-- Exercise prompt --
Starting at the line that contains "Gobelet thermique double" and stopping after the line that contains "アシュトン先生に教えていただ", transcribe the listing below exactly; do not include any pictures.

-- Records --
<<<<
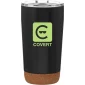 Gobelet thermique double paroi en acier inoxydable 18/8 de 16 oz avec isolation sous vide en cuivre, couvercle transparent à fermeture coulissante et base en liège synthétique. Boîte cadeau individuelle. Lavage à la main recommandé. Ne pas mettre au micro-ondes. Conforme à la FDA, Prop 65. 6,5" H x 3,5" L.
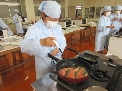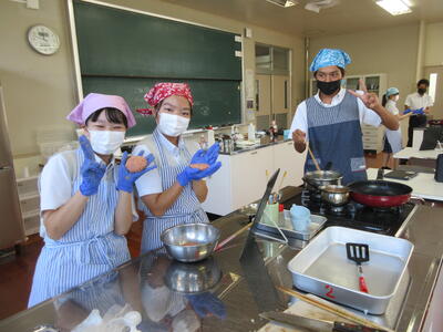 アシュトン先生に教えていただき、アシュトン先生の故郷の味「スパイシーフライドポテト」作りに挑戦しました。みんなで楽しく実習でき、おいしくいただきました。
>>>>
<<<<
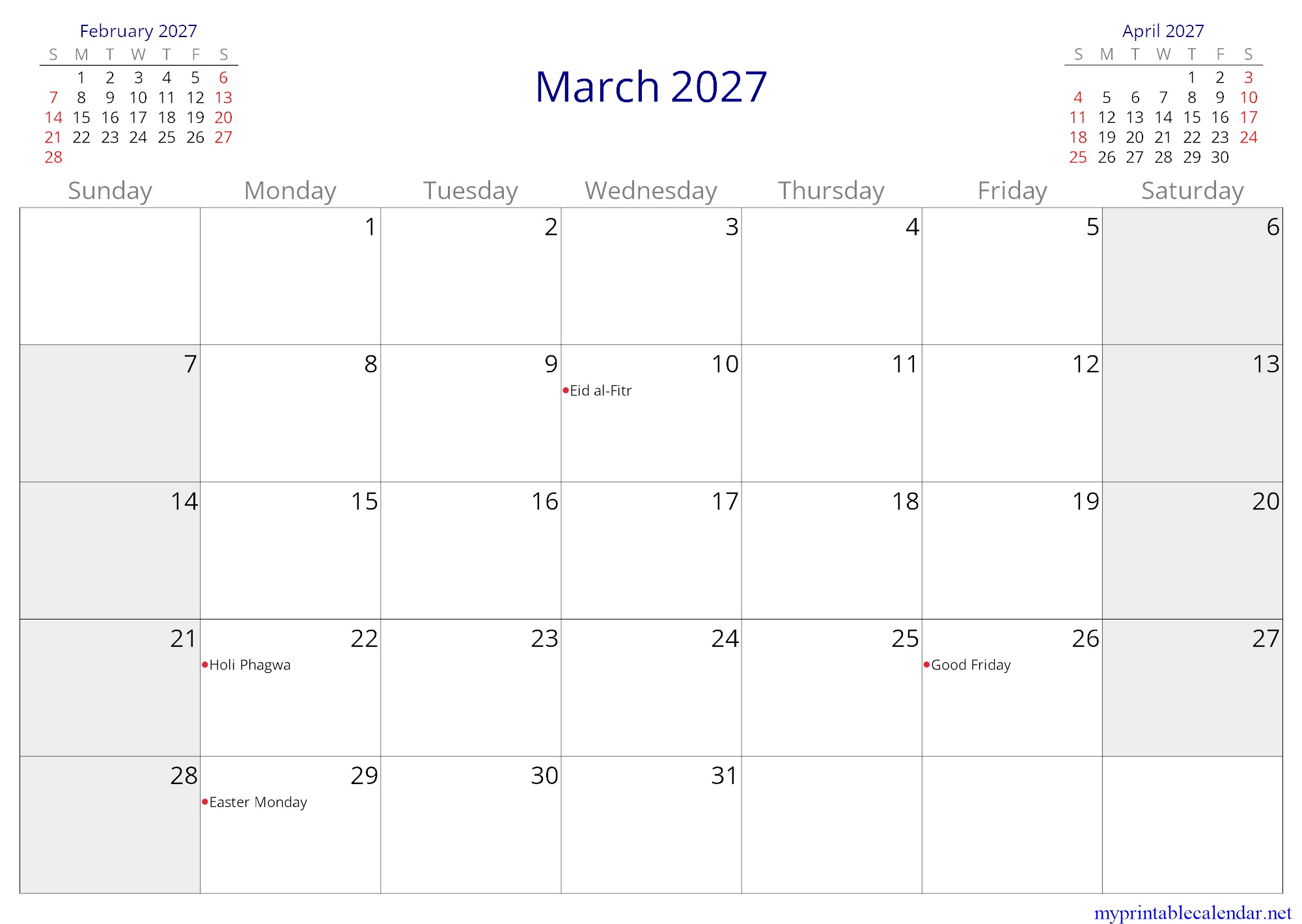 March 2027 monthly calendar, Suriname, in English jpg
>>>>
-- Expected output --
 Gobelet thermique double paroi en acier inoxydable 18/8 de 16 oz avec isolation sous vide en cuivre, couvercle transparent à fermeture coulissante et base en liège synthétique. Boîte cadeau individuelle. Lavage à la main recommandé. Ne pas mettre au micro-ondes. Conforme à la FDA, Prop 65. 6,5" H x 3,5" L.
 アシュトン先生に教えていただき、アシュトン先生の故郷の味「スパイシーフライドポテト」作りに挑戦しました。みんなで楽しく実習でき、おいしくいただきました。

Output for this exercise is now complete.